And a quick quote of interest for avid Mana Mushrooms followers - accept no imitations

The Mushroom Growers’ Newsletter Vol XVI Number 11 March 2008
Front page:
Energy Impacts
“The Philadelphia Inquirer, February 17, carried an article highlighting the effects of energy costs on mushroom farms in the area. Chris Alonzo of Pietro Industries is quoted as saying: “My heating bills are up 50 percent over last year and up 100 percent over two years ago.”… Well, folks, we're facing increasing energy costs. There are many things we can complain about and even a few things we can DO about it. For example, if you are cultivating in a setting that allows you to pre-heat the water input to your system, perhaps with something as simple as locating a heliophilic water tank on your roof and gravity feeding to your boiler system, you will have increased energy costs if you need to pump the water to the unit, but reduced costs in heating the water for the boiler system. These nuances must be adapted based on custom calculations for your particular system design. If you live in Colorado or Nevada, where water is scarce and sunshine is bountiful, both factors will influence your system, in addition to the resources you have for infrastructure development, equipment, call it what you will...

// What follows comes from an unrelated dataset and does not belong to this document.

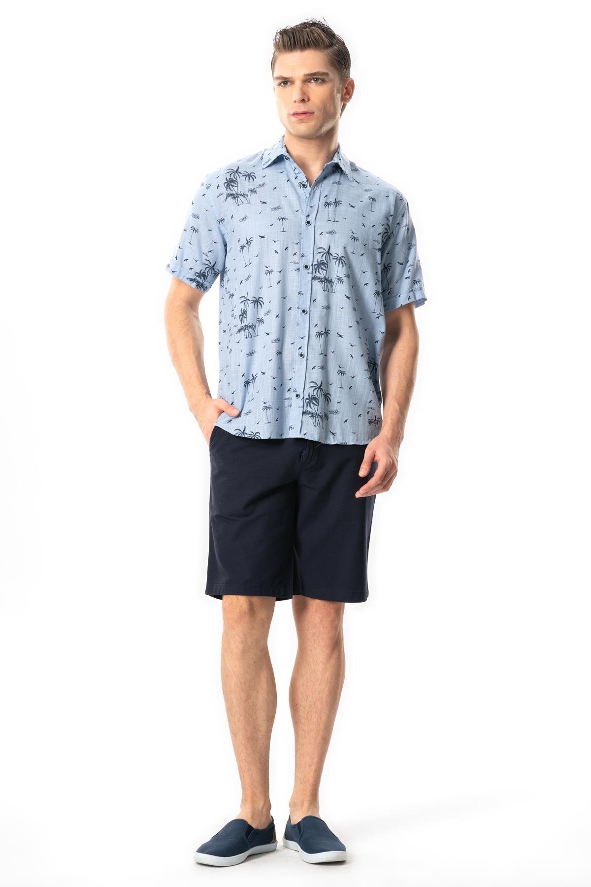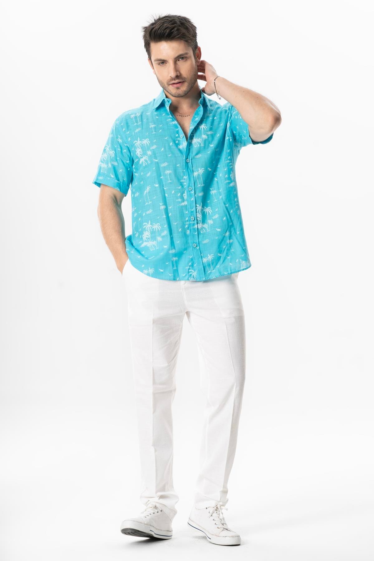 Kısa Kol Pamuklu Baskılı Erkek Yazlık Gömlek Turkuaz Trkz Kısa Kol Pamuklu Baskılı Erkek Yazlık Gömlek Turkuaz Trkz 371.01 3XL

February Update - Crossroads

Balancing scientific skepticism and entrepreneurial optimism is not easy. This challenge is manifest both in my representation/framing of the status of Mana Mushrooms and in my decisions about how and whether to continue.

Before these get lost in the update, I’d like to quickly cover a few bases for dedicated followers:

1) Equipment needs (autoclave):

In the interest of developing the model I have described here, I wish to stress the implications of the model on equipment needs. If CIP pasteurization can be replicated, we can eliminate the need for expensive equipment, specifically autoclaves or retorts, large, pressurized vessels that serve as pressure cookers, sterilizing massive amounts of substrate. The most exciting implication is for decentralized agriculture. By reducing barriers to entry, small regional cultivators could enter the market for fresh mushrooms. Farmers could supplement their income without significant investment in infrastructure. Depending on who you are, this is either exciting or disruptive / scary.

2) Photo issues; flickr now open.

Despite inclinations otherwise, I have decide to open the licensing and permissions of my Mana Mushrooms photo sets on flickr to the public. This represents a total of 1,641 photos at this writing, with probably a few hundred left to upload. Although these photos do not do justice to the lessons of the past 18 months to two years, they at least provide some insight and transparency for anyone attempting to replicate or learn from the research I have done.

All of the sets are now freely available to the public: lab notebooks, lab photos (both labs), miscellaneous, bag records, Petri dish records, pH methodology records, jar records, and location selection sets are included, explicitly. Searching for the tag “Mana Mushrooms” will reveal most photos, from whence patterns can be determined (chronology) hand appropriate research / learning can take place. I encourage you to contact me with any questions or to clarify anything about the processes and/or theory. I have not done as much with these photos as I had originally intended. I look forward to continually developing this resource, which shows a great deal of my research and processes, as well as innovations in great detail. Consistent with my behavior in other circles, I will publish these photos under an appropriate creative commons license.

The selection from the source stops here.